Take a look at this study in which an analysis of a surgeon’s tone of voice correlated to their likelihood of being sued for malpractice.

 

From a strategic perspective

The inability to ask genuine questions is also a strategic error. Treating customers as passive receptacles to dump your knowledge into feels as nasty as it sounds. Recycling lines that might have sparked a reaction with other customers and filling up airtime to project expertise in the hopes that something will land, is throwing a Hail Mary on every snap. Hope is not a strategy.

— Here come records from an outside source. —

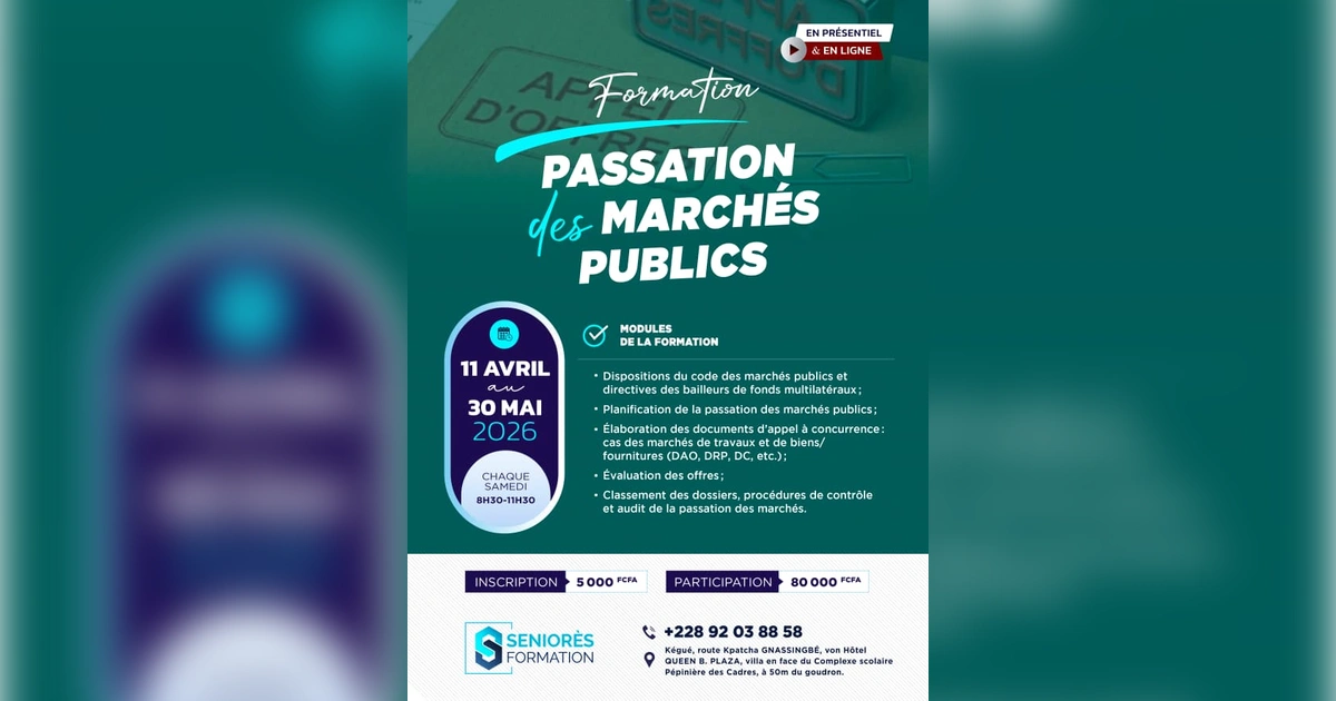 Le Centre de formation Professionnelle SENIORÈS-FORMATION, Arrêté N°2024/019/ MEPST/MET/CAB/SE-CCCS organise du 11 avril au 30 mai 2026 sa sixième session de formation théorique et pratique en Passation des Marchés.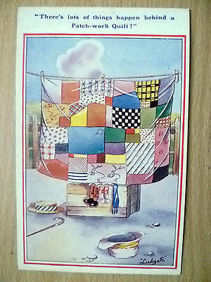 You are purchasing: Comic Postcard- THere’s Lots of Things Happen Behind a Patch Work Quilt ! No. 1126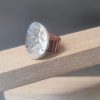 Bague femme en cuir plat 10mm Saumon rayé argent métallique et passant rond martelé en zamak argenté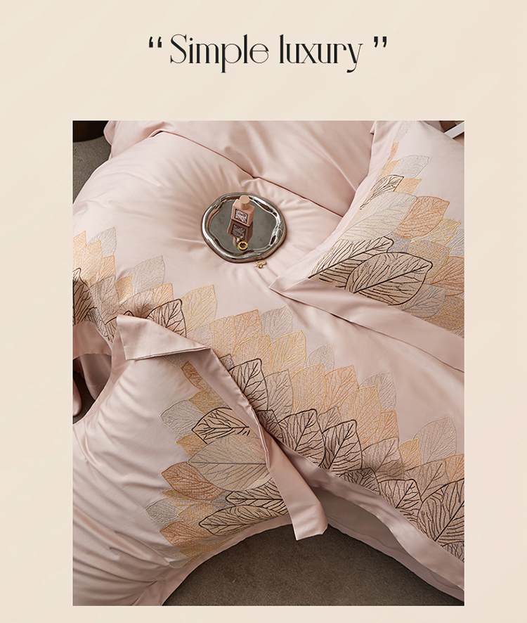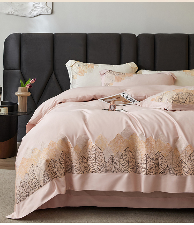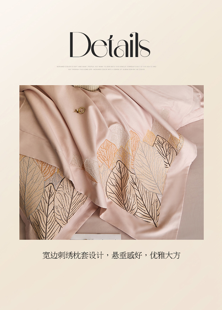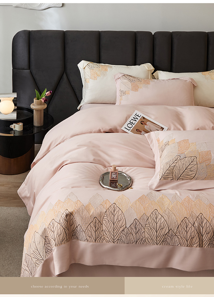 商品名称:名品优仓 高支高密长绒棉刺绣款四季可用四件套朵芮雅系列 朵芮雅一马卡粉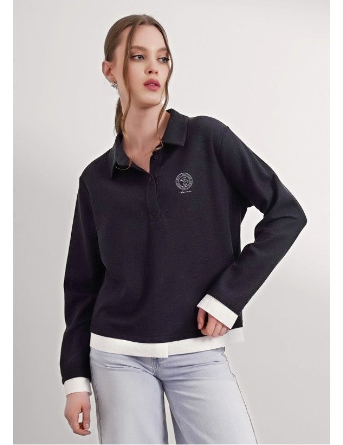 Джемпер поло из трикотажного полотна пике жаккард, прямого силуэта. По горловине отложной воротник со стойкой, спереди планка с пуговицами. По низу рукава и изделия подгибка с контрастной отделочной деталью. Спереди вышивка.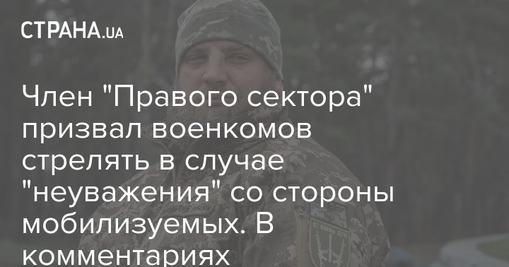 Член Добровольческого украинского корпуса "Правый сектор" Борис Овчаров ("Дончанин") призвал военкомов стрелять "без предупреждения" в случае "неуважения" со стороны мобилизуемых.

Within organizations there are often structural challenges – my good friend is negotiating at two tables: one with me, and one with the dealership’s management. Whereas I am negotiating for myself, the car salesman’s “win-set” narrows between the upper limits of what I will pay and the lower limits of what the dealership will accept. At the point at which the manager comes out and hands me her card, I am identifying that she is the person I want to be meeting with. She, the manager, likely cares more about selling off inventory and he, the salesman, cares more about his cut.

We shouldn’t be surprised when people act in their own interests. When we are working within an organization, think about the behaviors that your incentive structures may generate. Working outside of the organization, think about who you want to be negotiating with and their authority to make a deal that is best for you.

In order to change our negotiated outcomes, we might be served by updating our beliefs about what it means to "influence".